Легко (сборник)
Шрифт:
— Вы только не обижайтесь. Просто слишком много приключений уже было со мной, а еще только полдень. Сын у меня тут отдыхает. У бабушки.
— Да что вы? Пойдемте, конечно.
Она оставила платок на лбу Калушенко, помогла стронуть с места тележку и пошла за Борискиным.
— Как вы думаете, — она едва успевала за его «неторопливым» шагом, — а это не опасно?

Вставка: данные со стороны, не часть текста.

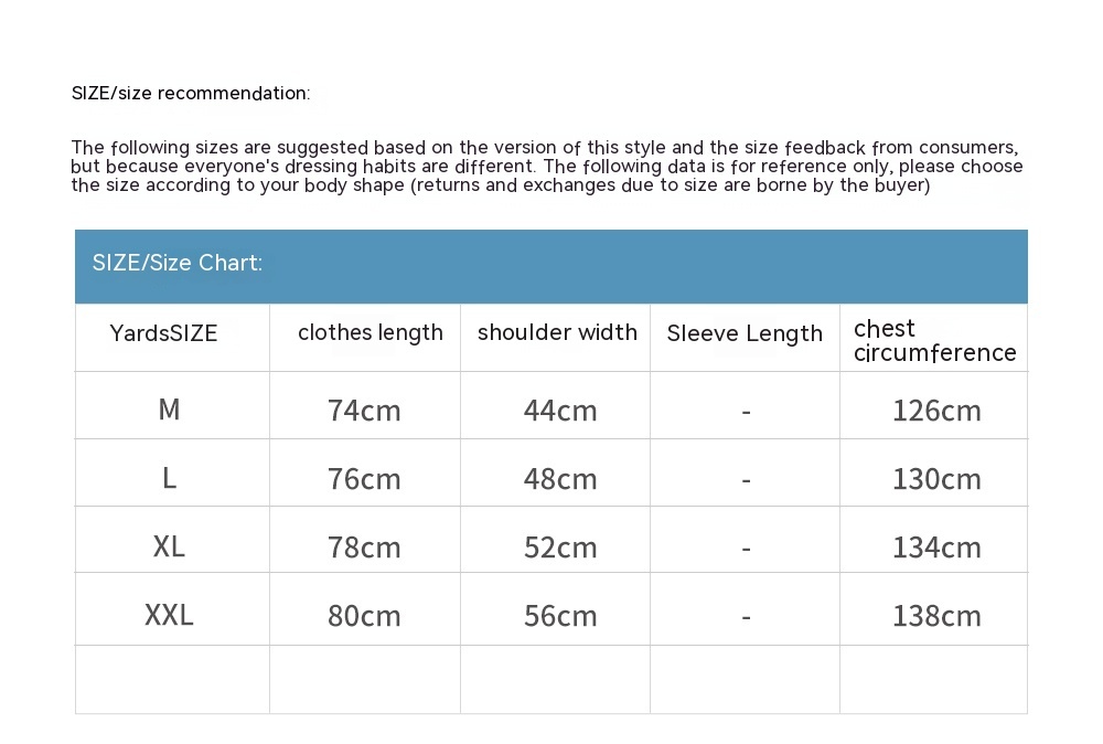 1. Asian sizes are 1 to 2 sizes smaller than European and American people. Choose the larger size if your size between two sizes. Please allow 2-3cm differences due to manual measurement. 2. Please check the size chart carefully before you buy the item, if you don't know how to choose size, please contact our customer service. 3.As you know, the different computers display colors differently, the color of the actual item may vary slightly from the following images.

— Не знаю, — вздохнул милиционер. — Опять в отделе все будут смеяться.
— Почему?
— А им лишь бы посмеяться. А надо мной сама жизнь любит посмеиваться. У вас бывали в жизни смешные моменты? А у меня их предостаточно. Да хоть эта тачка со спящим майором. Вот же улица Пугачева. Который ваш дом?
Она замерла. Посередине улицы стояла большая красная пожарная машина, но никакого движения не наблюдалось.
— Семнадцатый.
— Так пошли! Что же вы стоите?
Борискин толкнул тележку, и они подъехали к дому. Она осторожно тронула калитку. Во дворе бабушка вешала на растянутые веревки застиранные простыни.
— Мама, здравствуйте, где Павлик?
— Здравствуй, милая. Чего это ты вырядилась? Прямо как фельдшер!
Бабушка подошла, вытерла губы рукавом и чмокнула ее в щеку.
— Мама, где Павлик?
— Да что сделается твоему Павлику? Как с ума посходили все! На улице он или, может, у Семена клубнику обдирает. Хотя я сильно сомневаюсь, что у Пантелеева клубника может быть. А что это у вас человек в тележке спит? Что случилось-то?
— Мама, после! Мне Павлик нужен. Пойдемте, Алексей.
Она выскочила за калитку и, не прислушиваясь к поскрипыванию тележки и причитанию бабушки за спиной, побежала к дому Пантелеева Семена. У пожарной машины на секунду задержалась, растерянно посмотрела в сторону оврага и шагнула в калитку. Нелепый и страшный небритый мужчина в телогрейке и тренировочных штанах аккуратно укладывал под голову спящих людей в пожарной форме какое-то тряпье и, увидев ее, приложил заскорузлый палец к обветренным губам. Павлик и Наташка сидели на краю воронки.
— Привет!
Она упала на колени, обняла его, прижала, вдыхая в себя мальчишеский щенячий запах и едва удержала слезы в глазах.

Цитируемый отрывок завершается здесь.